_Problem requirements_:
Copy each line of the records exactly, stopping only after the line that contains "Mouwloze Dames Jumpsuit" has been written, and leave pictures out.

_Material shown_:
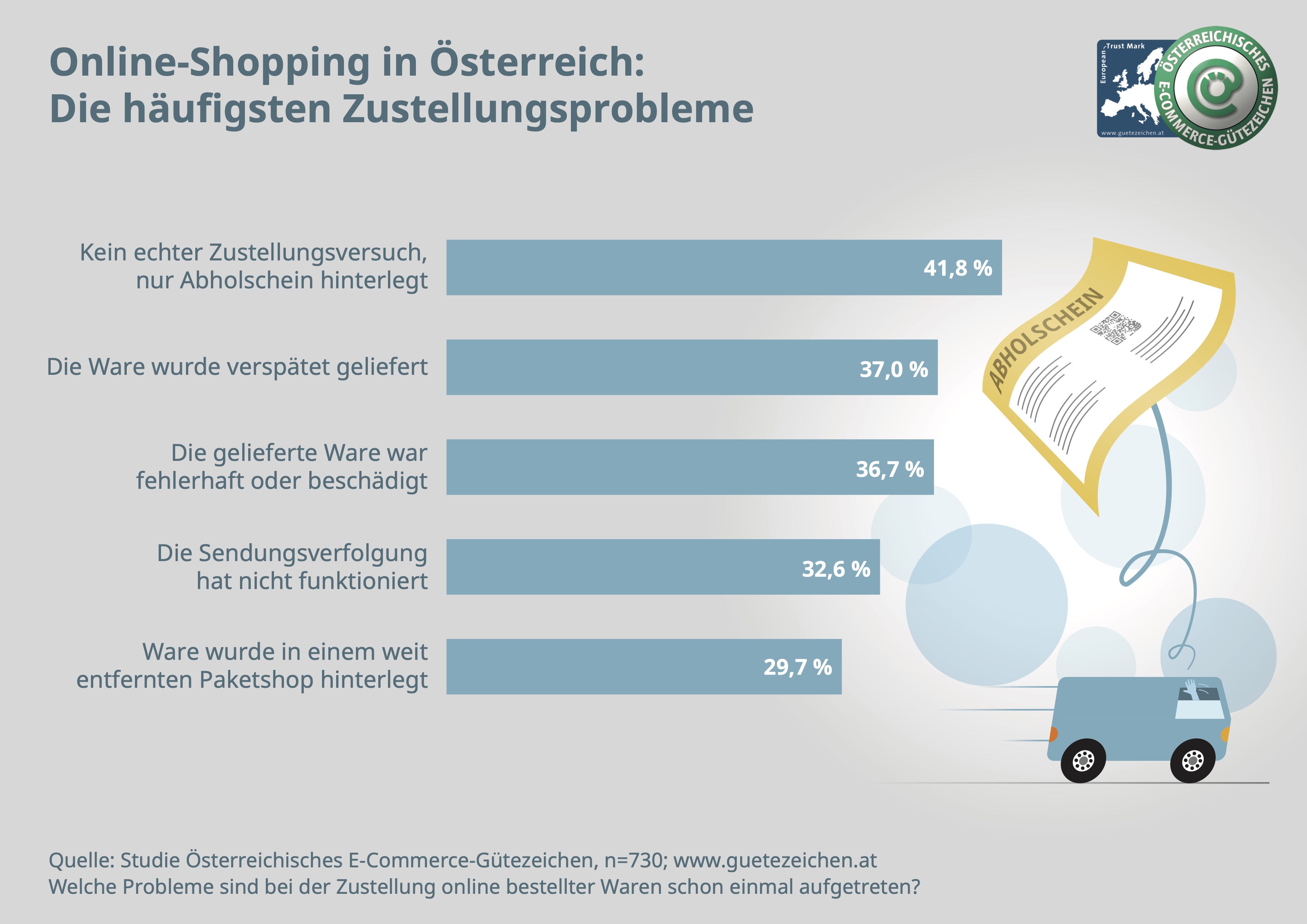 Das häufigste Ärgernis laut der Erhebung des Österreichischen E-Commerce-Gütezeichens ist für 42 Prozent der Online-Shopper, dass kein echter Zustellungsversuch erfolgt, sondern lediglich eine Benachrichtigung mittels Abholschein hinterlegt wird. Darauf folgen verspätete Lieferungen (37 Prozent) sowie beschädigte oder fehlerhafte Waren (37 Prozent).
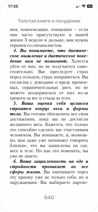 В «Толстой книге» (ищите через менюшку приложения ссылку на магазин) описаны психологические приемы и особенности пищевых срывов.
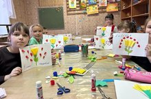2 марта в объединении "Правополушарное рисование" (педагог Мухамедзянова Н.В.) прошло открытое занятие на тему "8 марта. Подарок маме". Учащиеся изготовили открытки в технике объемная аппликация
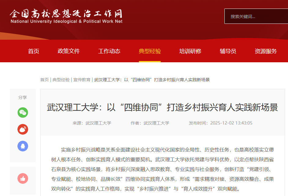 新闻网讯 12月2日,全国高校思想政治工作网以《武汉理工大学:以“四维协同”打造乡村振兴育人实践新场景》为题,报道推介我校以定点帮扶陕西省石泉县为核心实践场景,将乡村振兴深度融入思政教育、专业实践与社会服务,创新打造“党建引领、专业赋能、校地协同、品牌长效”四维协同实践育人体系。全文如下。
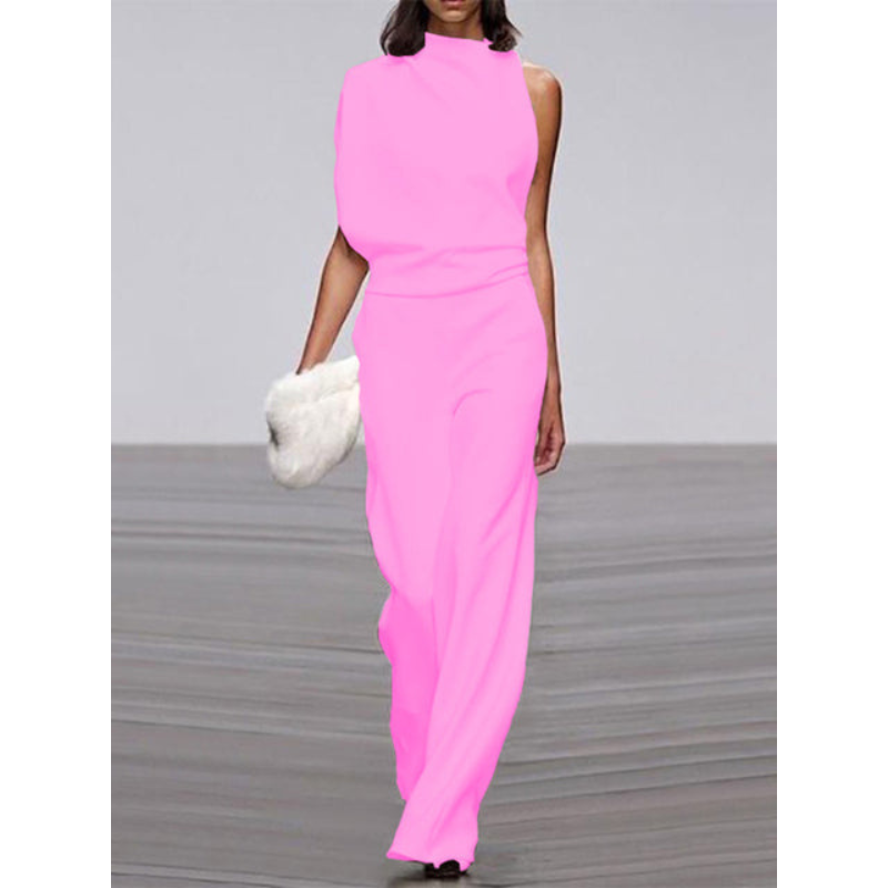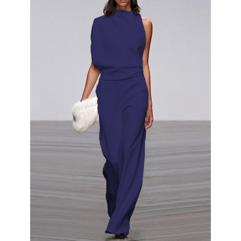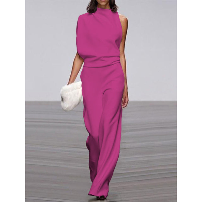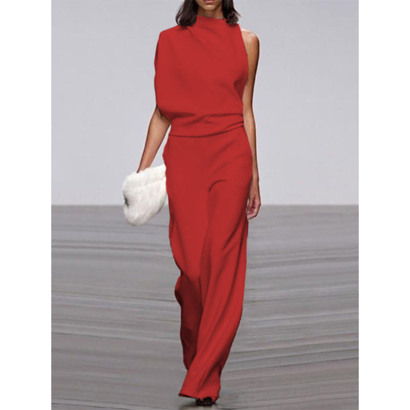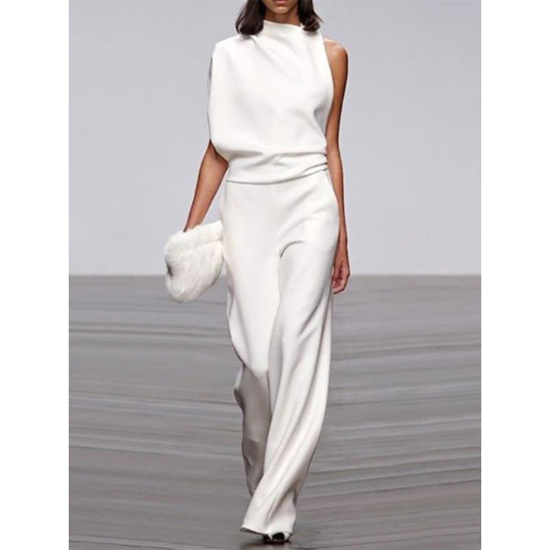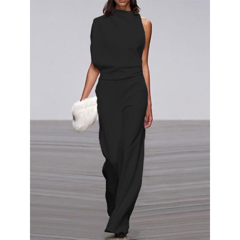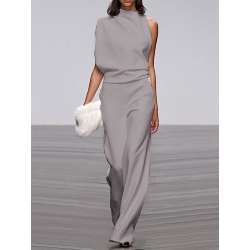 Mouwloze Dames Jumpsuit met Ronde Hals en Wijde Pijpen
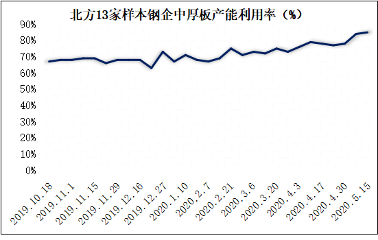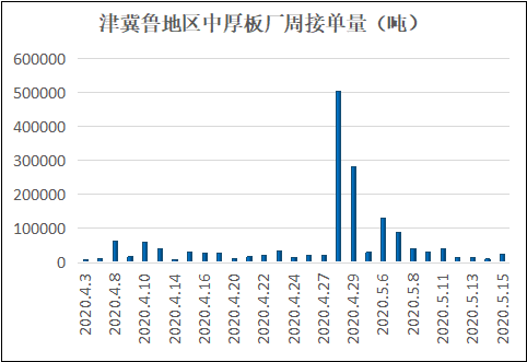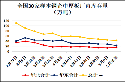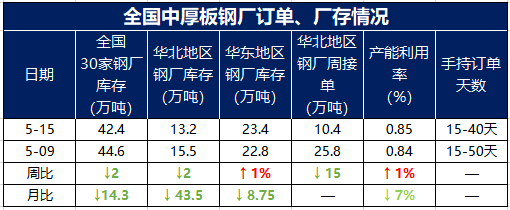 以下为具体指标表现情况: 钢厂库存继续保持下降态势:全国中厚板钢厂厂内库存自4月初见顶后,持续保持下降态势,5月份各厂的库存已基本回归到价常规水平,其中尤其以华东地区的库存表现最为突出。本周(5月15日)全国30家样本中厚板钢材生产企业厂内中厚板库存量42.44万吨,比上周(5月09日)下降2万吨。其中华北12家钢企中厚板厂库13.2万吨,比上周下降2.3万吨;华东9家钢企中厚板厂库23.44万吨,比上周增加0.68万吨。 本周国内中厚板生产企业手持订单情况保持良好:截至5月15日,国内中厚板生产企业手持订单天数:一线企业手持订单天数保持在30-40天左右,二线企业基本保持在20-30天左右,少部分企业叠加月底后结算的协议量能够保持在15天左右。总体手持订单情况继续保持良好。本周津晋冀鲁豫钢厂中厚板产能利用率小增:本周(5月15日)北方13家样本钢企中板日产量8.09万吨,轧线产能利用率85%,周环比增1个百分点。本周1条轧线增产。其他基本处于满产状态。 钢厂周接订单情况:本周(5月15日)北方13家样本钢企中板周接订单量10.4万吨,较上周(5月09日)周接单量下降15.4万吨。 |
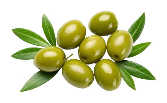 Marinated green olives with pimento stuffed centerpiece displayed isolated on a transparent background showcasing smooth shiny texture and unique shapes
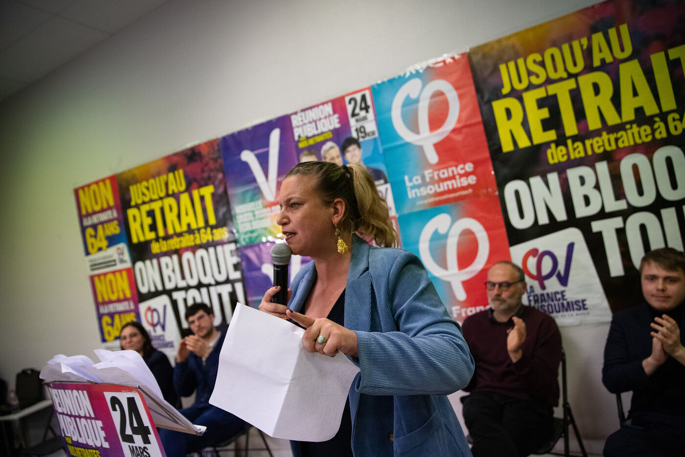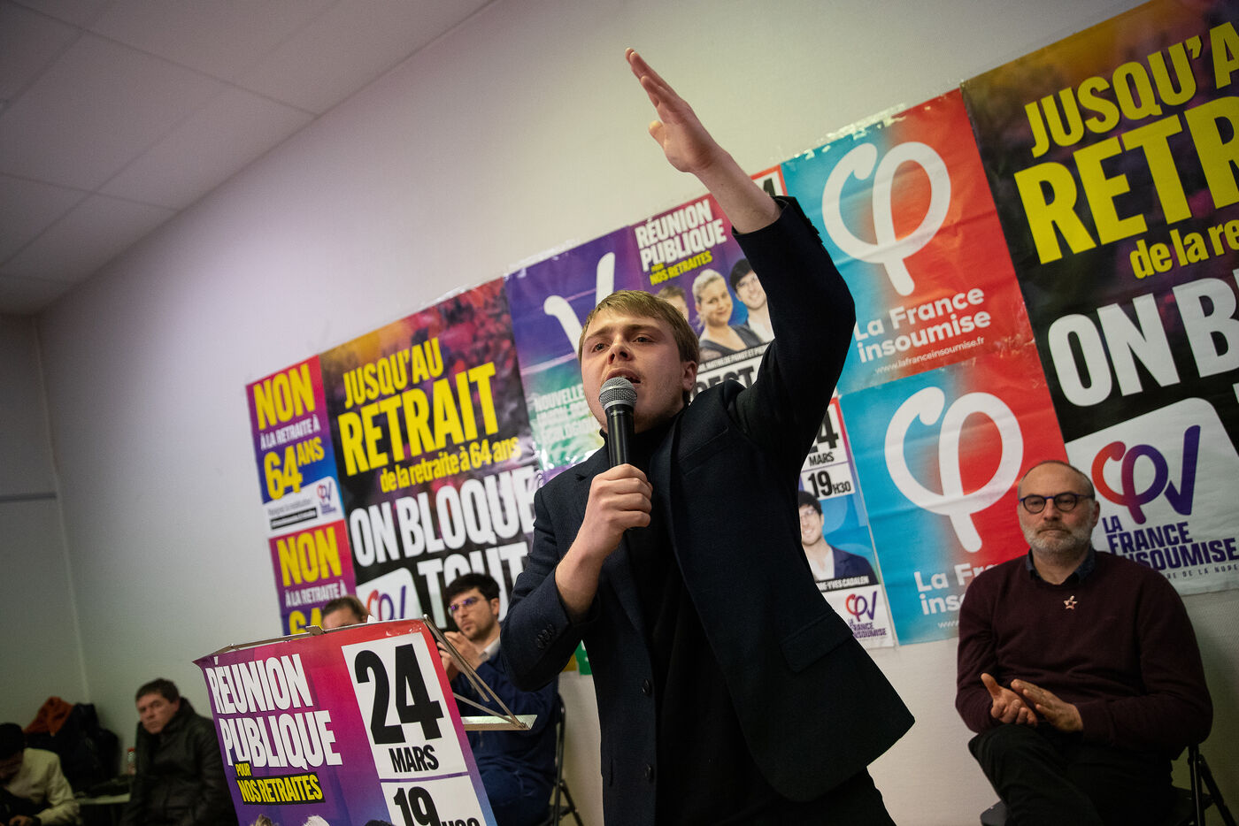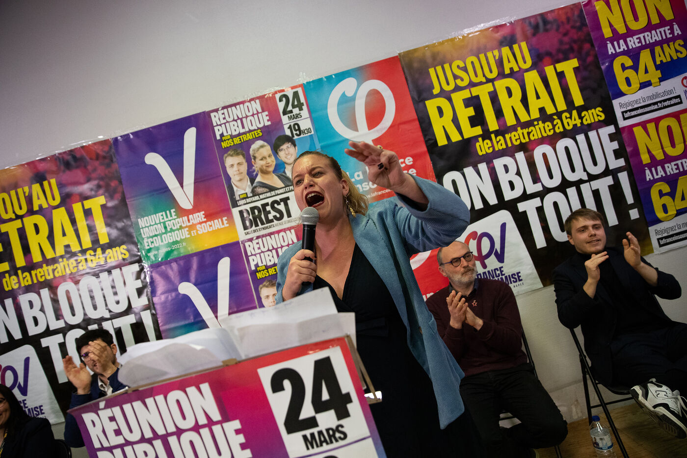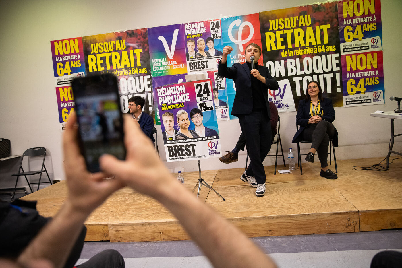France, Brest, 2023-03-24. Plus de 500 personnes assistent à une reunion publique offensive contre la reforme des retraites des députés Nupes Mathilde Panot et Louis Boyard. Un groupe de militants d'extrême droite a tenté de perturber le meeting en vain. Photographie de Vincent Feuray / Hans Lucas.
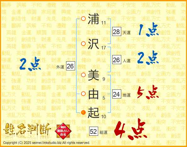 浦(11画)沢(17画) 美(9画)由(5画)起(10画)
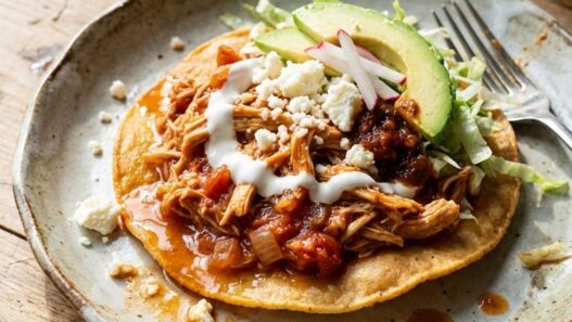 Chicken tinga is a Mexican classic, and for good reasons. Shredded chicken breast simmered in a sauce of chipotle peppers in adobo, blended with tomato, onion, garlic, and reserved chicken broth. So delicious.
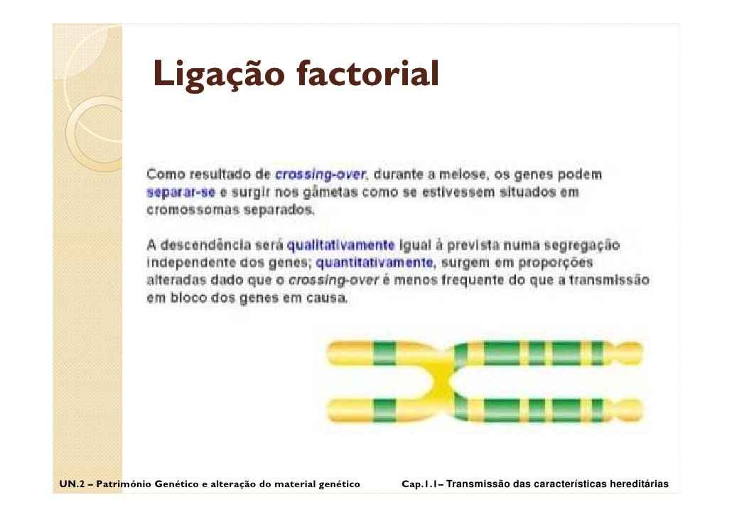 24. 24. Ligação factorial UN.2 – Património Genético e alteração do material genético Cap.1.1– Transmissão das características hereditárias
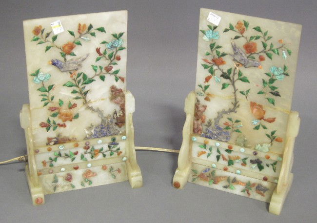 PAIR ORIENTAL STONE LUMINARY TABLE PLAQUES
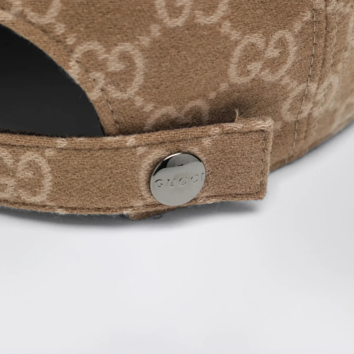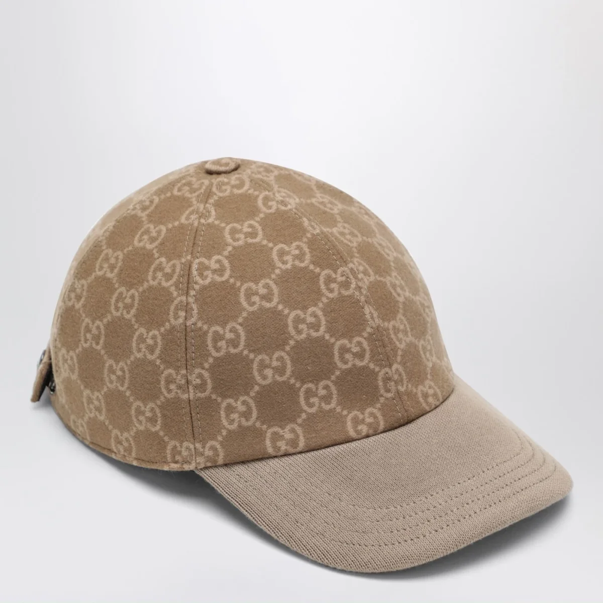 Cappello con visiera di Gucci in tessuto in maglia GG beige e marrone chiaro• visiera in tessuto in maglia beige• modello foderato• chiusura con bottone automatico
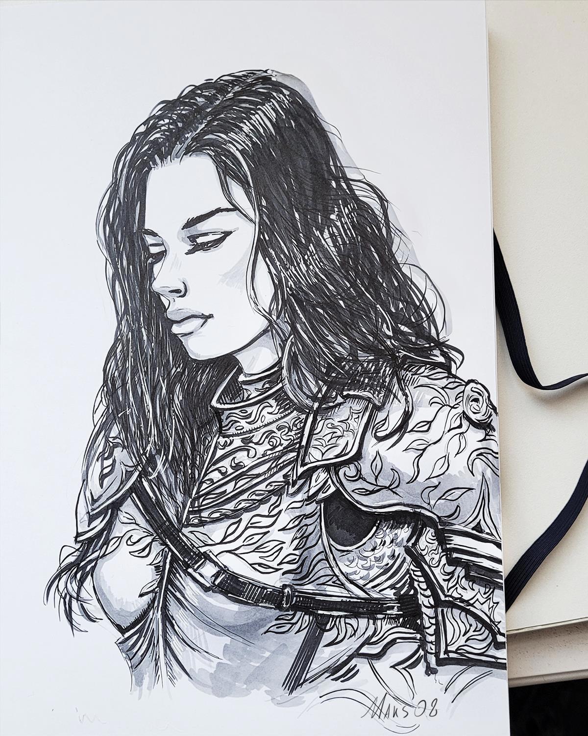 Автор: Макс РостовскийРисунок девушки маркерами в модном скетчбуке.
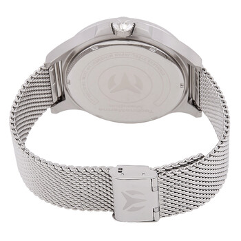 Silver-tone stainless steel case with a silver-tone stainless steel mesh bracelet. Fixed silver-tone stainless steel bezel. Blue dial with silver-tone hands and index hour markers. Minute markers around the outer rim. Dial Type: Analog. Date display at the 3 o'clock position. PC32 quartz movement. Scratch resistant mineral crystal. Pull / push crown. Solid case back. Round case shape, case size: 45 mm, case thickness: 11.00 mm. Band width: 20 mm, band length: 7.75 inches. Fold over clasp. Water resistant at 30 meters / 100 feet. Functions: date, hour, minute, second. Moonsun Series. Casual watch style. Watch label: Japan Movt. Technomarine MoonSun Date Quartz Blue Dial Men's Watch TM-822004.
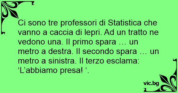 Ci sono tre professori di Statistica che vanno a caccia di lepri. Ad un tratto ne vedono una. Il primo spara … un metro a destra. Il secondo spara … un metro a sinistra. Il terzo esclama: ‘L’abbiamo presa! ‘.
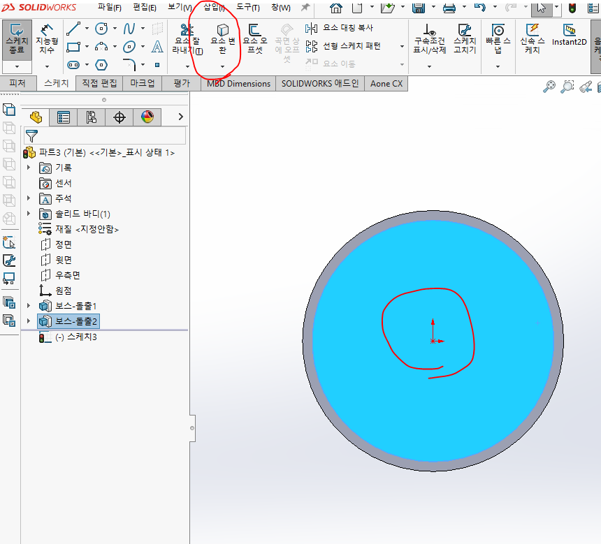 간단한 스프링을 그려 봅시다. 1. 내원이 될지 외원이 될지 모를 원을 그립니다. 원을 그리고 나서 내측 사이즈가 될지 외측 사이즈가 될지는 나중에 결정하면 됩니다. 스케지를 나가서 피처 →
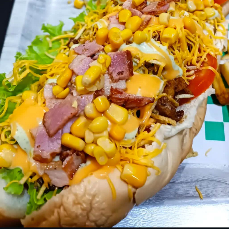 Dos panes bagues tostados a la parrilla Acompañados de pollo al grill, lechuga tomate, cebolla, Chongo, maíz, queso amarillo, tocineta crujiente, y nuestras deliciosas salsa de la casa

_Problem solution_:
 Das häufigste Ärgernis laut der Erhebung des Österreichischen E-Commerce-Gütezeichens ist für 42 Prozent der Online-Shopper, dass kein echter Zustellungsversuch erfolgt, sondern lediglich eine Benachrichtigung mittels Abholschein hinterlegt wird. Darauf folgen verspätete Lieferungen (37 Prozent) sowie beschädigte oder fehlerhafte Waren (37 Prozent).
 В «Толстой книге» (ищите через менюшку приложения ссылку на магазин) описаны психологические приемы и особенности пищевых срывов.
2 марта в объединении "Правополушарное рисование" (педагог Мухамедзянова Н.В.) прошло открытое занятие на тему "8 марта. Подарок маме". Учащиеся изготовили открытки в технике объемная аппликация
 新闻网讯 12月2日,全国高校思想政治工作网以《武汉理工大学:以“四维协同”打造乡村振兴育人实践新场景》为题,报道推介我校以定点帮扶陕西省石泉县为核心实践场景,将乡村振兴深度融入思政教育、专业实践与社会服务,创新打造“党建引领、专业赋能、校地协同、品牌长效”四维协同实践育人体系。全文如下。
 Mouwloze Dames Jumpsuit met Ronde Hals en Wijde Pijpen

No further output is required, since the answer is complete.